*** Opening of Exercise inputs ***
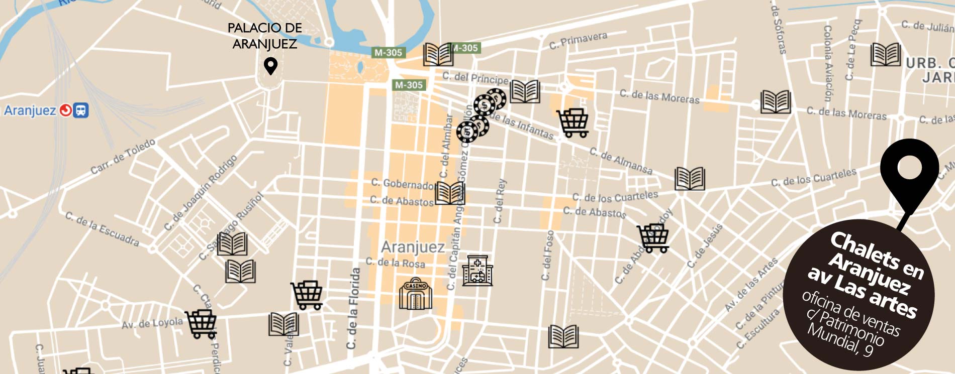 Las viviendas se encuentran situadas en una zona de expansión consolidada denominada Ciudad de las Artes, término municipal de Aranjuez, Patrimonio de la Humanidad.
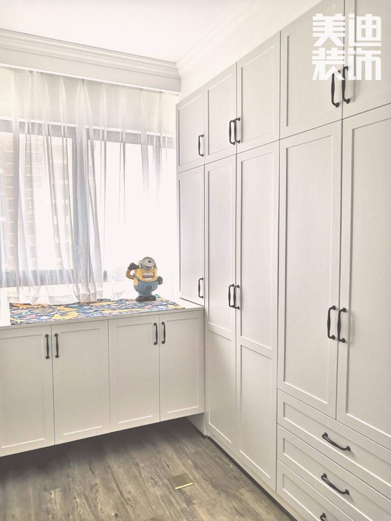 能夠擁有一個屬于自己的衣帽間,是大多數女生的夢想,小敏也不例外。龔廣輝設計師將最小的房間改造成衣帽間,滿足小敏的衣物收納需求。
*** Close of Exercise inputs ***
*** Opening of Exercise inputs ***
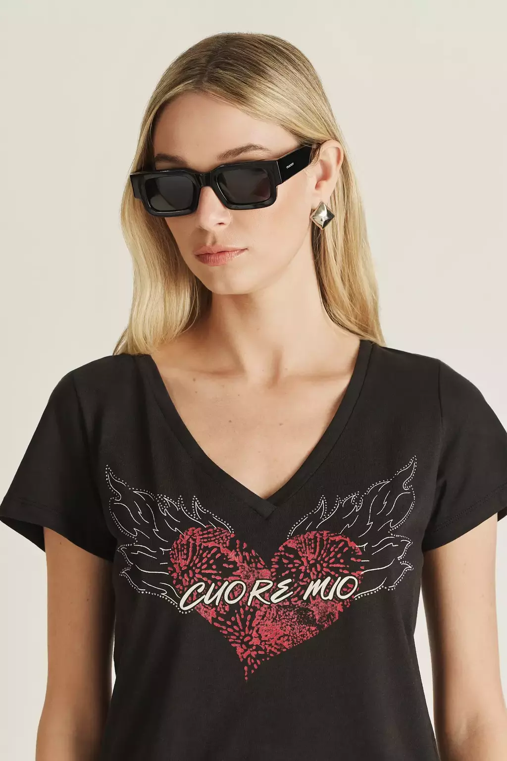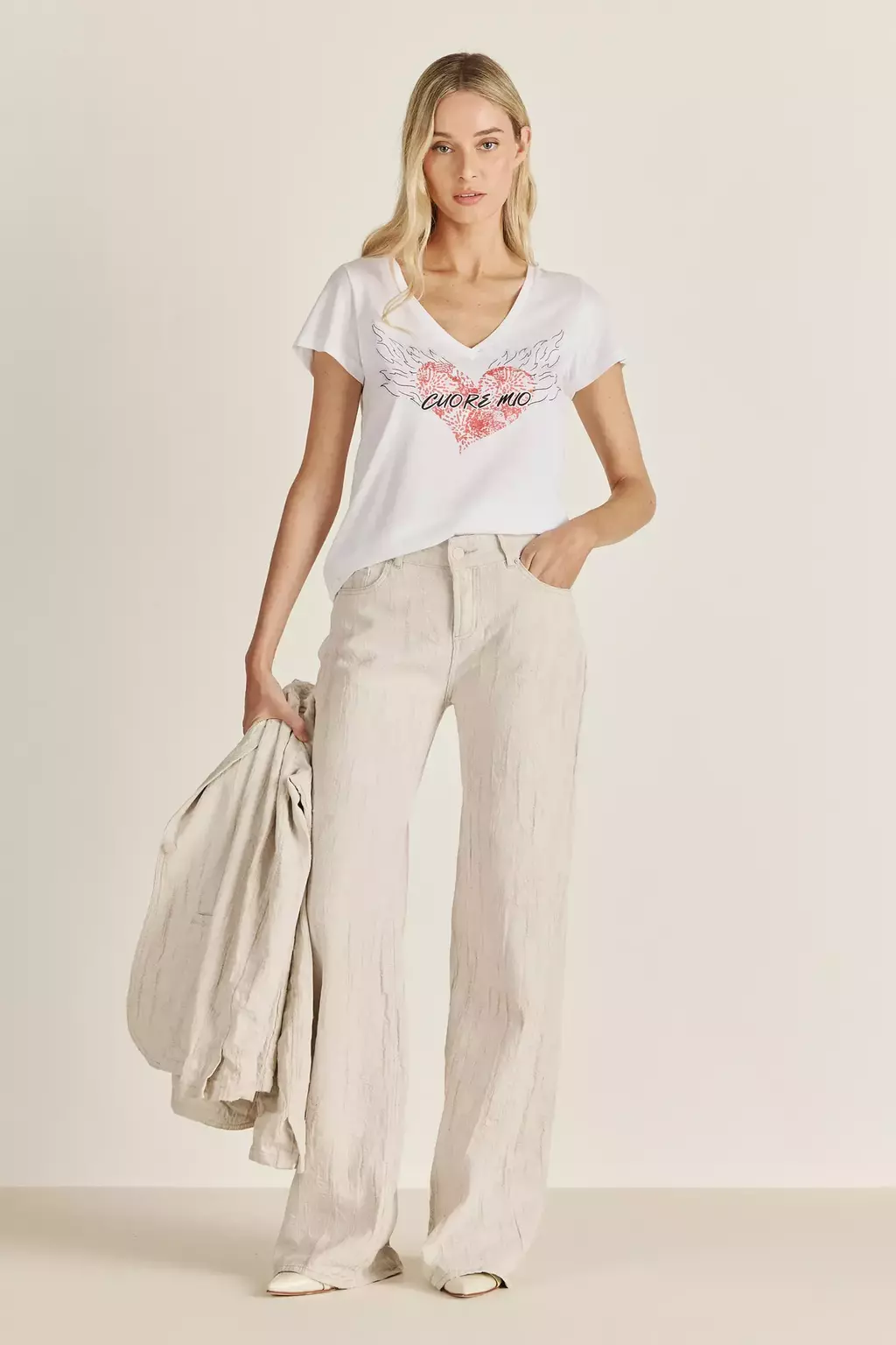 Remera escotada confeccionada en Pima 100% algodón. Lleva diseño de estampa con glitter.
*** Close of Exercise inputs ***
» Your objective: Print exactly the lines above that run from the one with "Las viviendas se" down to the one with "能夠擁有一個屬于自己的衣帽間", and omit the pictures.

» Solution to this problem:
 Las viviendas se encuentran situadas en una zona de expansión consolidada denominada Ciudad de las Artes, término municipal de Aranjuez, Patrimonio de la Humanidad.
 能夠擁有一個屬于自己的衣帽間,是大多數女生的夢想,小敏也不例外。龔廣輝設計師將最小的房間改造成衣帽間,滿足小敏的衣物收納需求。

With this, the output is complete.